The film is also a complicated, quintessentially post-breakthrough movie whose grandiosity is commensurate with the tortured history of its production, which took place in three different continents over the course of nearly a year. Burn! came after Brando threatened to quit Hollywood filmmaking, and Walker is arguably the apotheosis of his career’s first leg, building on his self-interrogating roles in Sayonara (1957) and The Ugly American (1963). Brando cited Burn! among his favorite performances, but also as the most trying shoot of his career; he nearly walked off the production multiple times. In Stefan Kanfer’s Brando biography Somebody, the star describes Pontecorvo as “a complete sadist,” indifferent to the rampant drug abuse among his crew, and a hypocrite for paying the film’s Black Colombian extras far less and feeding them lower-quality catering than their white counterparts—a condition Brando insisted he change lest the whole operation go up in smoke.

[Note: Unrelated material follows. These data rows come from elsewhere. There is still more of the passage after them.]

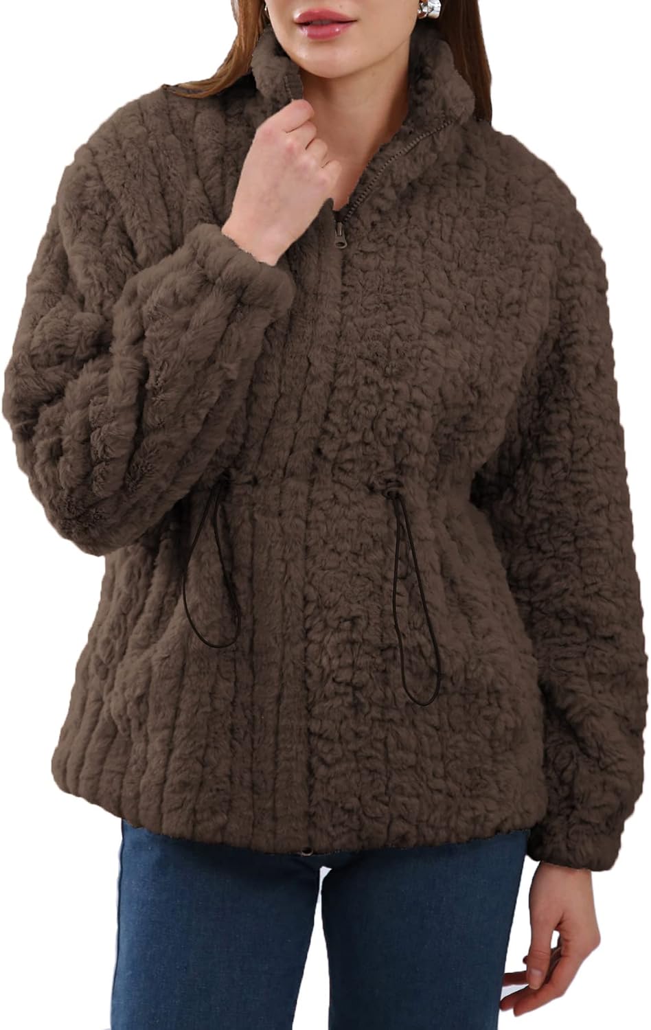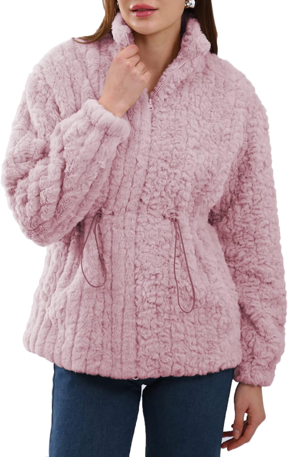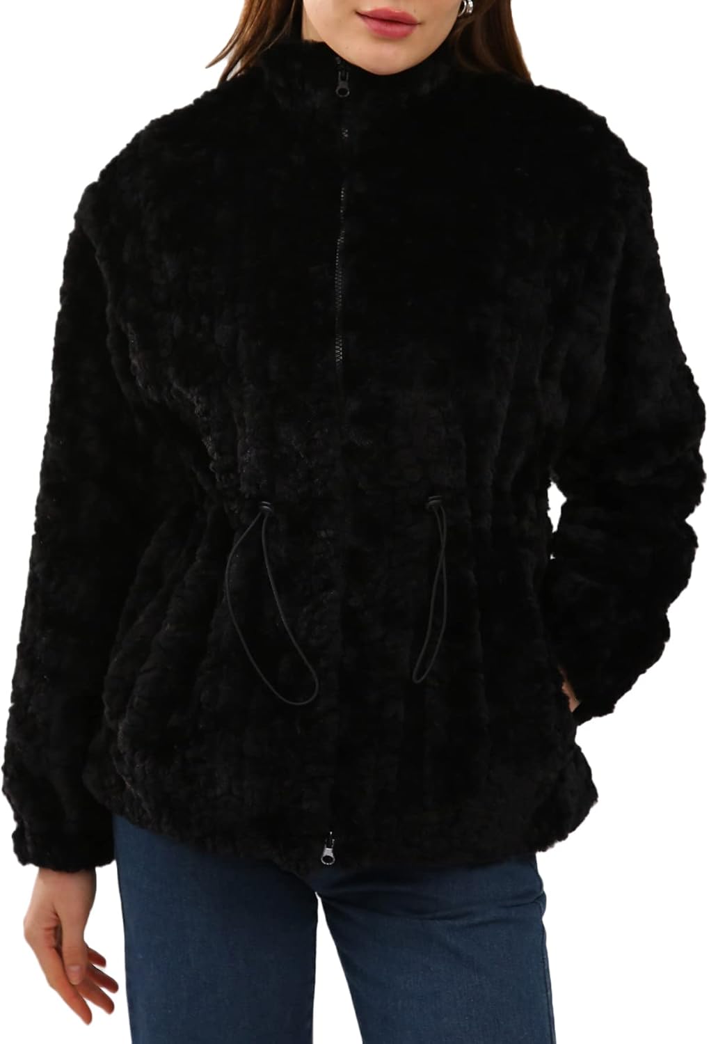 Women's Faux Fur Zip Up Drawstring Jacket
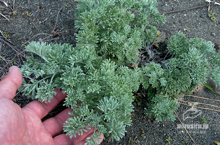 カワラヨモギは海岸砂浜などにしばしば群生する。
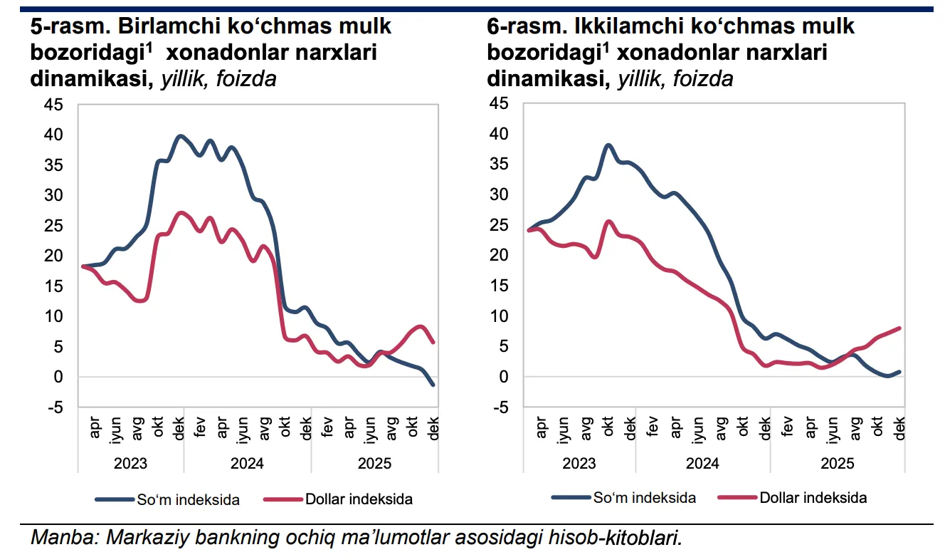 Бирламчи бозорда уй-жой нархлари охирги чоракда сўмда 1,3% га пасайган, аммо долларда 5,7% га ошган. Иккиламчи бозорда эса нархлар миллий валютада 0,7%, долларда 7,9% га кўтарилган.

Pontecorvo’s film represents a strained and surreal endeavor to locate humanity within established archetypes, and to confront viewers with the bloody toll of globalized capital in the guise of a swashbuckling epic. (At the end of the film’s first half, Walker muses to Dolores that his British superiors are sending him next to Indochina, an all-but-veiled reference to the contemporaneous American quagmire in Vietnam.) Both veterans of spaghetti westerns, screenwriters Franco Solinas and Giorgio Arlorio design Walker as a stand-in for a particularly British flavor of aristocratic colonialism, yet Pontecorvo and Brando remarked on the subtlety of the character, who begins to question his own nonexistent politics during the second campaign in Queimada. Evaristo Márquez, a Colombian herdsman who had never seen (much less acted in) a movie before he was discovered by Pontecorvo’s location crew, deserves special mention for holding his own as Jose Dolores opposite one of the biggest movie stars of all time.

Pontecorvo’s mad dash to make a fictitious banana republic stand in for Third World liberation struggles at large make its signifiers questionable—the freed slaves ululate identically to the Algerian freedom fighters in Pontecorvo’s last film—and its historical shorthand testifies to the compromises of working with United Artists, who insisted Pontecorvo make the Portuguese out to be the film’s villains lest they lose a substantial chunk of the Spanish moviegoing market. All too appropriate that there exists no perfect way to watch Burn! Your options are either an Italian-dubbed director’s cut or the english-language version showing at Film Forum, which runs 18 minutes shorter. While a new print of the extended Italian version began making the rounds in 2004, the english-language Burn! is still worth watching. Not fully bowdlerized, it at least features Brando’s actual voice. He gives Walker a dastardly English accent within which lies another bit of self-reflexivity, as Brando had played the silver-tongued Lt. Fletcher Christian in MGM’s version of the Mutiny on the Bounty (1962) just six years earlier.

Burn! screens tonight, December 24, and December 26, in 35mm at Film Forum as part of the series “Brando 100.”